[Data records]
BEGIN

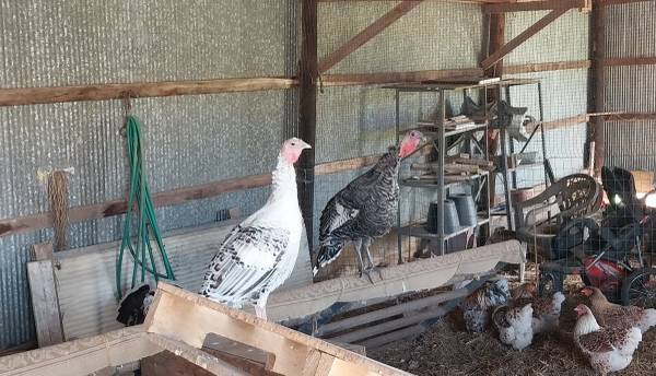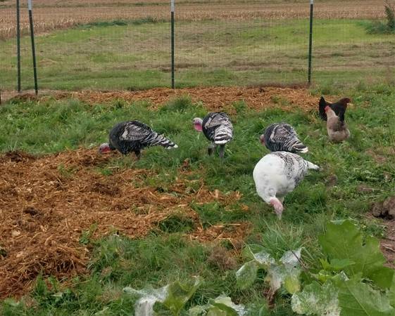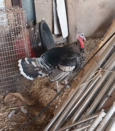 4 turkeys, 1 male and 3 female. $50 per bird. They do not need to go together. Unsure of the exact age, guessing between 8-10 months old. Heritage breed mixes.
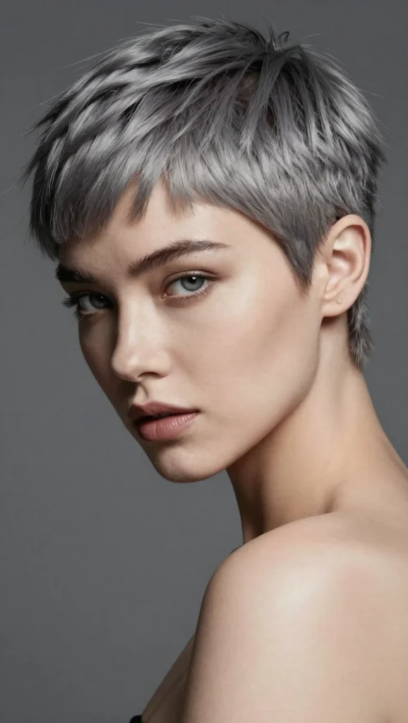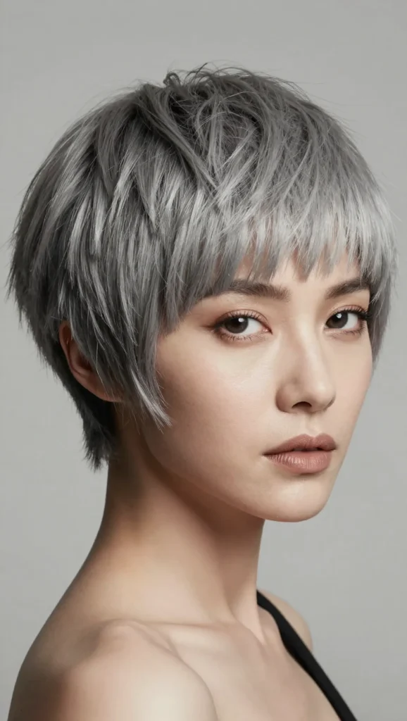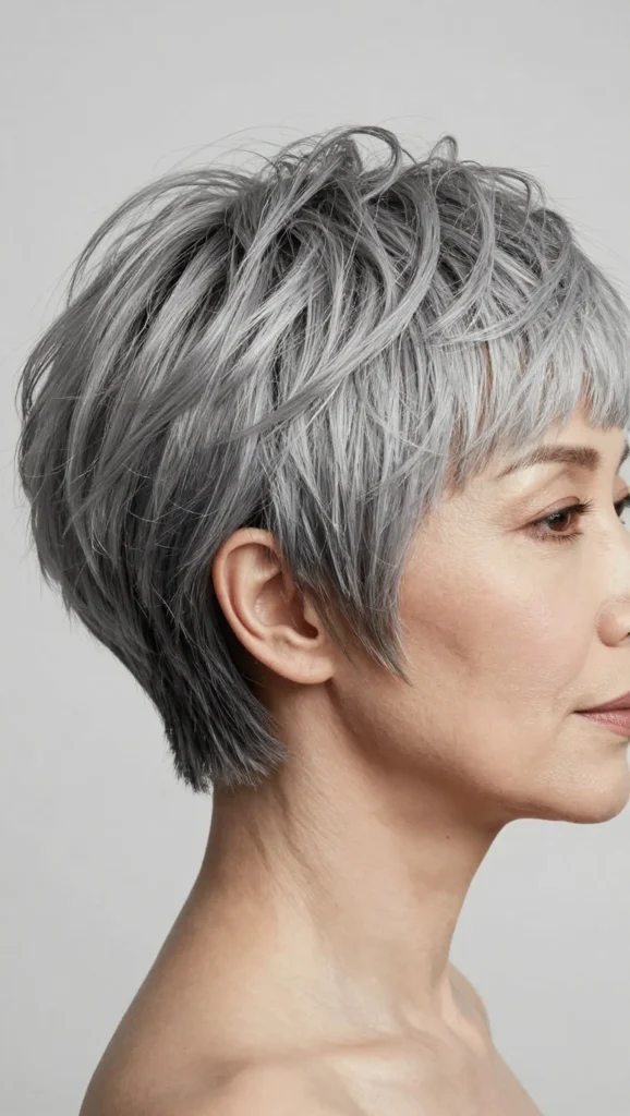 A tapered gray pixie is shorter at the back and slightly longer on top. This creates a sleek silhouette that looks polished and stylish.
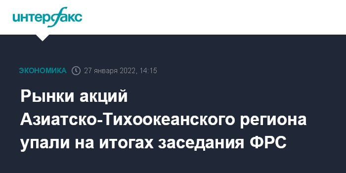 Рынки акций Азиатско-Тихоокеанского региона упали на итогах заседания ФРС
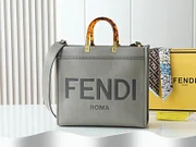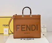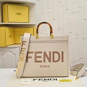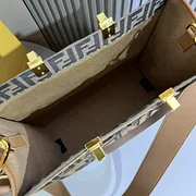 Sunshine medium-sized fabric tote bag, featuring a brown FF jacquard pattern and light brown leather ‘FENDI ROMA’ lettering, with rigid handles. It has a spacious lined interior compartment with light brown leather trim. Can be carried by hand using the double handles, and two interior hooks can be used to attach a shoulder strap. Size: 35-31-17.
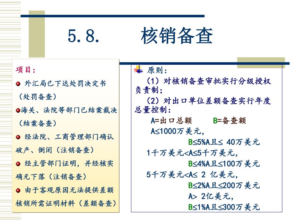 5.8. 核销备查 • 项目: • 外汇局已下达处罚决定书 • (处罚备查) • 海关、法院等部门已结案裁决 • (结案备查) • 经法院、工商管理部门确认 • 破产、倒闭(注销备查) • 经主管部门证明,并经核实 • 确无下落(注销备查) • 由于客观原因无法提供差额 • 核销所需证明材料(差额备查) 原则: (1)对核销备查审批实行分级授权负责制; (2)对出口单位差额备查实行年度总量控制: A=出口总额 B=备查额 A1000万美元, B5%A且 40万美元 1千万美元A5千万美元, B4%A且100万美元 5千万美元A 2 亿美元, B2%A且200万美元 A 2亿美元, B1%A且300万美元

END

Please return exactly, and only, the lines from the one containing "Sunshine medium-sized fabric" through the end of the records, with both end lines kept and every picture dropped.

 Sunshine medium-sized fabric tote bag, featuring a brown FF jacquard pattern and light brown leather ‘FENDI ROMA’ lettering, with rigid handles. It has a spacious lined interior compartment with light brown leather trim. Can be carried by hand using the double handles, and two interior hooks can be used to attach a shoulder strap. Size: 35-31-17.
 5.8. 核销备查 • 项目: • 外汇局已下达处罚决定书 • (处罚备查) • 海关、法院等部门已结案裁决 • (结案备查) • 经法院、工商管理部门确认 • 破产、倒闭(注销备查) • 经主管部门证明,并经核实 • 确无下落(注销备查) • 由于客观原因无法提供差额 • 核销所需证明材料(差额备查) 原则: (1)对核销备查审批实行分级授权负责制; (2)对出口单位差额备查实行年度总量控制: A=出口总额 B=备查额 A1000万美元, B5%A且 40万美元 1千万美元A5千万美元, B4%A且100万美元 5千万美元A 2 亿美元, B2%A且200万美元 A 2亿美元, B1%A且300万美元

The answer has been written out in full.